The Greens claim that, over a number of decades, European legislation has increasingly restricted access to seeds, especially since industrial agriculture has become the dominant model of farming. Current seed laws, as well as those being proposed by DG Sanco, are devised to benefit a few large seed houses that furnish the current agricultural paradigm, they say.

 

As a result of complicated and costly tests, registration procedures and restrictions, smaller farmers and growers and those producing traditional and heritage seeds will be muscled out and increasingly marginalised under the new regulatory regime. Organic and small farm groups have said this will affect the diversity of seed available in Europe, further threatening lesser-used varieties and diminishing overall agricultural diversity.
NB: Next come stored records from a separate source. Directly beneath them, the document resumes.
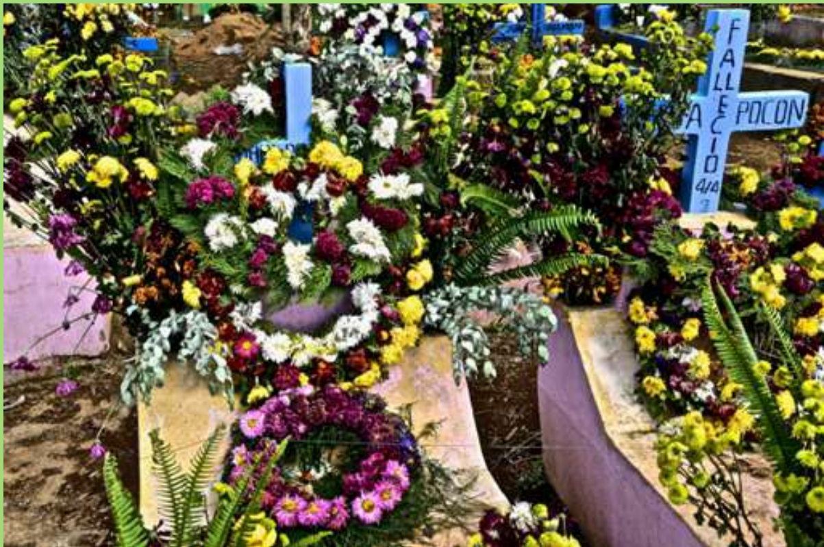
Tumba durante festival de Barriletes en Día de Muertos.
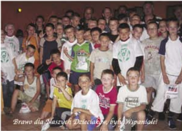
Brawo dla Naszych Dzieciaków, byli Wspaniałe!
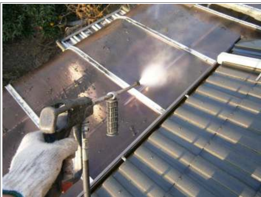
カーポート洗浄施工状況
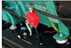
Pompa manuale travaso gasolio Manual fuel transfer pump Pompe manuelle de vidange carburant Bomba manual de combustible
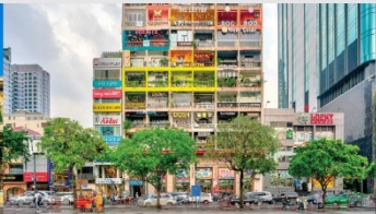
คาเฟ่ อพาร์ทเม้น
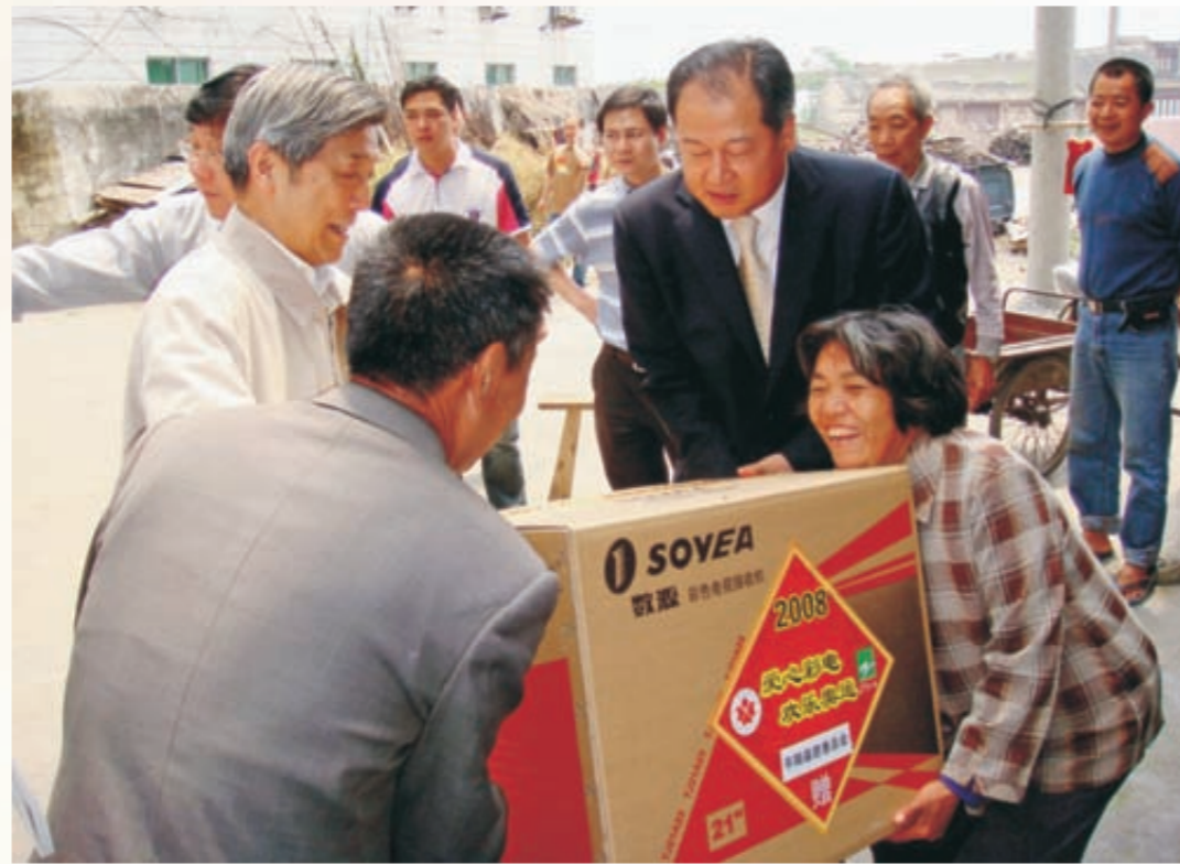
《奉献爱心》

Agricultural diversity 'imperative for human survival'

 

The UN Food and Agriculture Organisation maintains that such diversity is essential if humanity hopes to cope with the effects of climate change and disease, or achieve global food security, through providing richer genetic resources that will enable crops to respond well to certain climatic conditions or provide vital disease resistance.

 

In April this year, FAO Deputy Director-General Dan Gustafson said, "FAO believes that adaptation of the agriculture sector is not merely an option, but an imperative for human survival, and genetic resources will form an essential part of any adaptation strategy."

 

FAO estimates that over the course of the last century, about 75 percent of crop genetic diversity has been lost as farmers worldwide switched to genetically uniform, high-yielding varieties and abandoned multiple local varieties. Although the varieties do carry certain benefits, the shift has resulted in more homogenous, less hardy and often less nutritious crops.

 

Speaking at the launch of the EU Greens' campaign, which coincided with Mahatma Ghandi's birthday, Professor Shiva said, "We are reminded that in the spirit of Gandhi, civil disobedience is necessary, when laws undermine our rights, depriving us of our common goods.  Seeds are such a common good. They are a gift of nature and the result of centuries of hard work of farmers around the planet, who have selected, conserved and bred seeds. They are the source of life and the first link in our food chain."